What is being asked
Reproduce the entire listing exactly as written, apart from its pictures.

Data provided
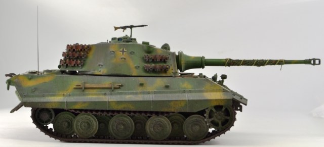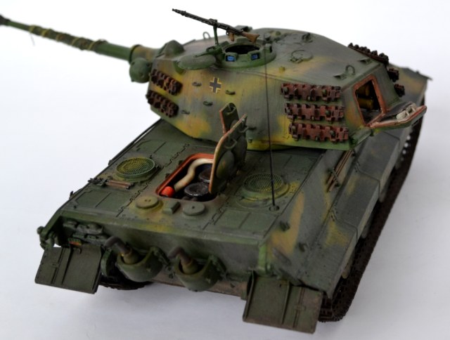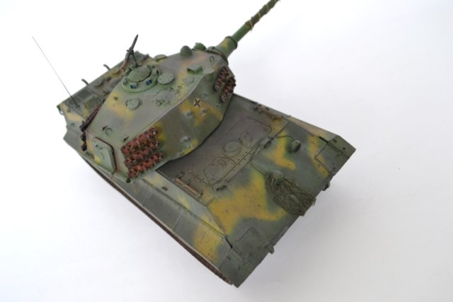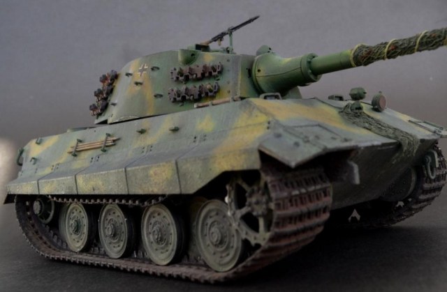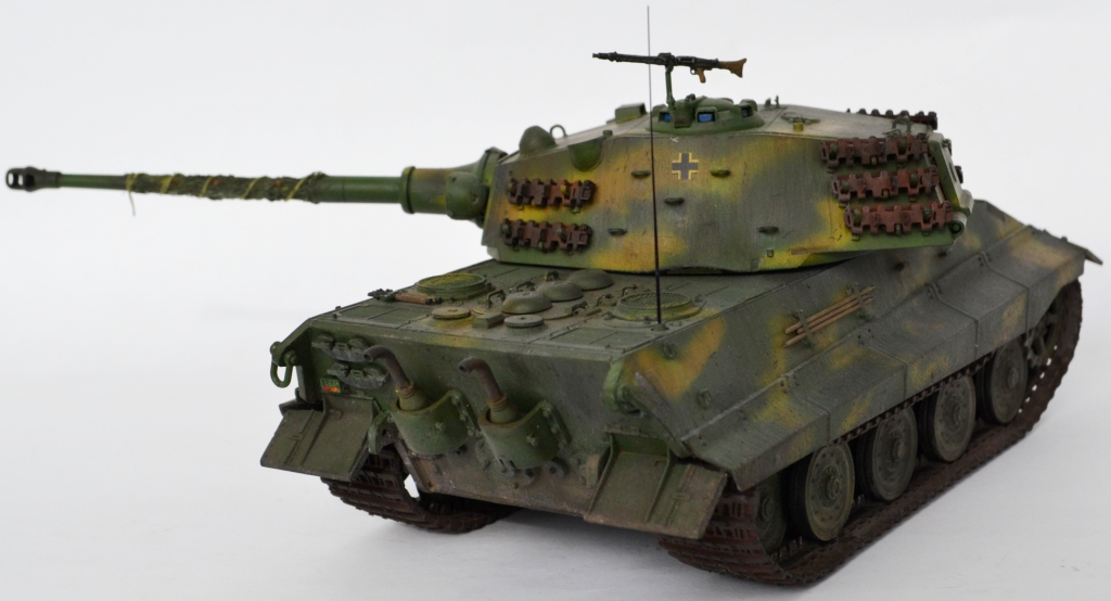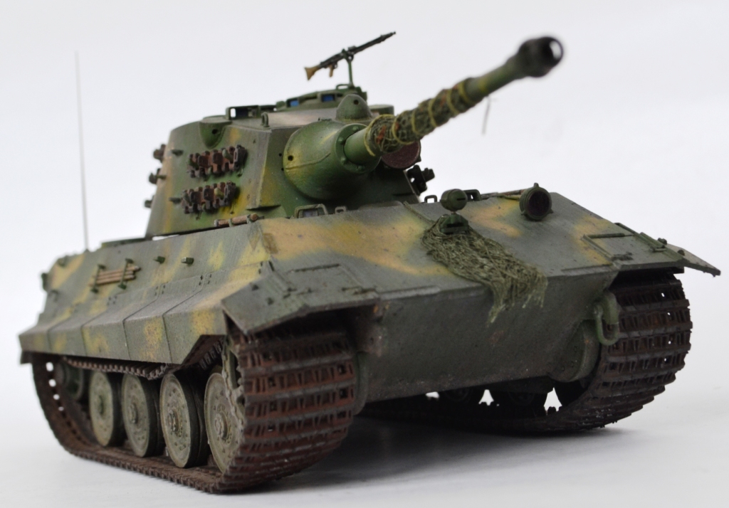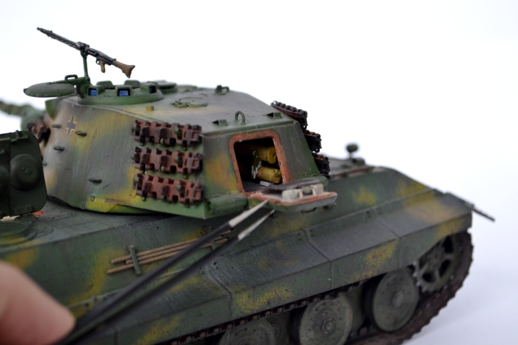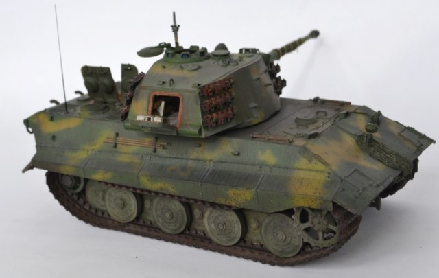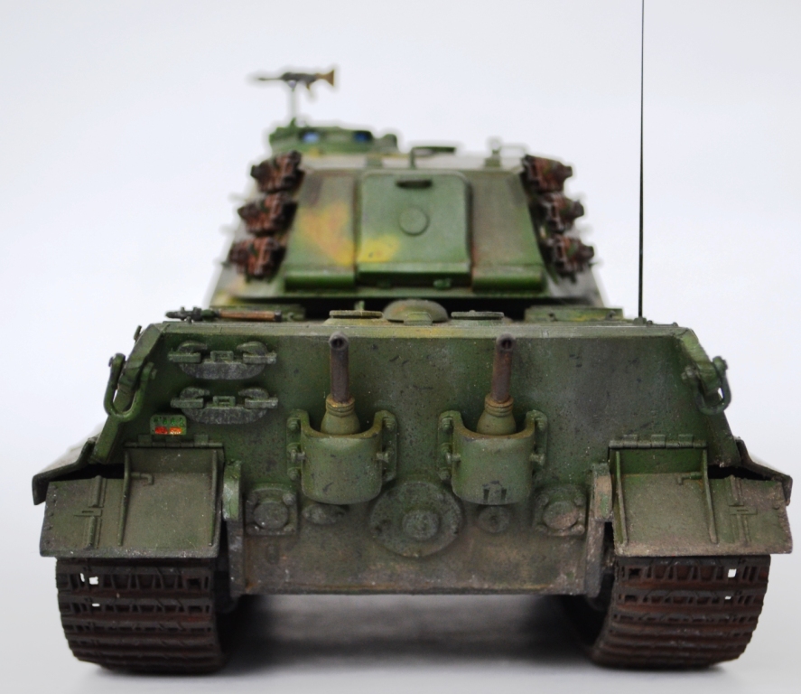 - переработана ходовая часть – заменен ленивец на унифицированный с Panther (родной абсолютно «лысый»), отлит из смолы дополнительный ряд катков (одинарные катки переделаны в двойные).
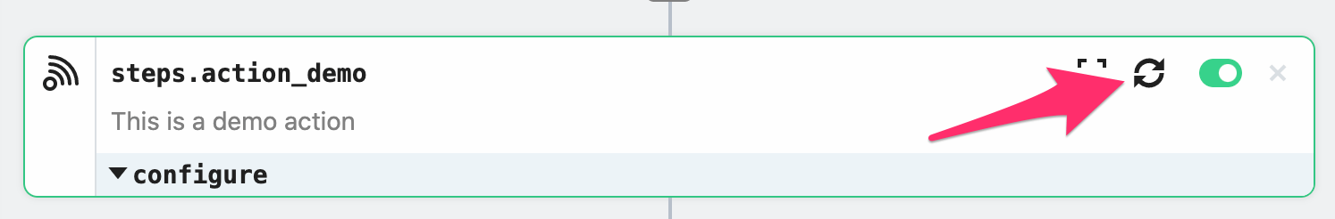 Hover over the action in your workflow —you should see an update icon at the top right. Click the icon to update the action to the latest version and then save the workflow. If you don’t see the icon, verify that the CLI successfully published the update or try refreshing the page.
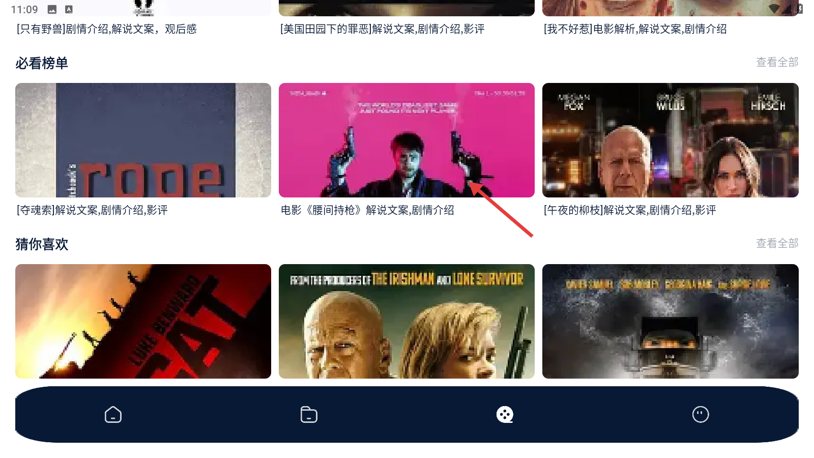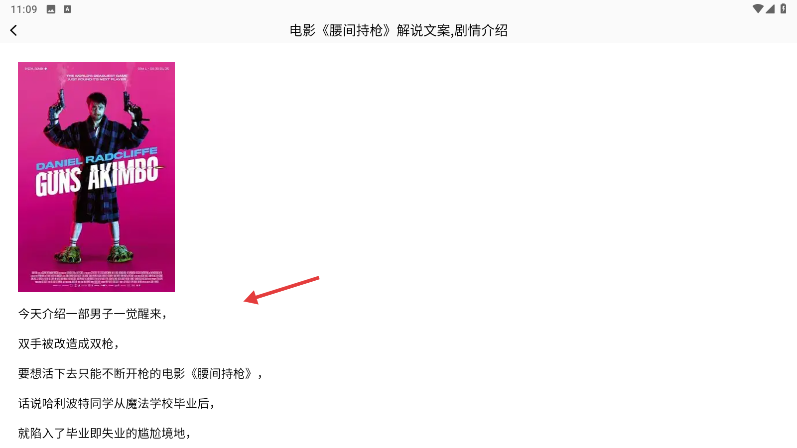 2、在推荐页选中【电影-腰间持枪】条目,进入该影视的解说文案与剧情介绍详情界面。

Exercise solution
 - переработана ходовая часть – заменен ленивец на унифицированный с Panther (родной абсолютно «лысый»), отлит из смолы дополнительный ряд катков (одинарные катки переделаны в двойные).
 Hover over the action in your workflow —you should see an update icon at the top right. Click the icon to update the action to the latest version and then save the workflow. If you don’t see the icon, verify that the CLI successfully published the update or try refreshing the page.
 2、在推荐页选中【电影-腰间持枪】条目,进入该影视的解说文案与剧情介绍详情界面。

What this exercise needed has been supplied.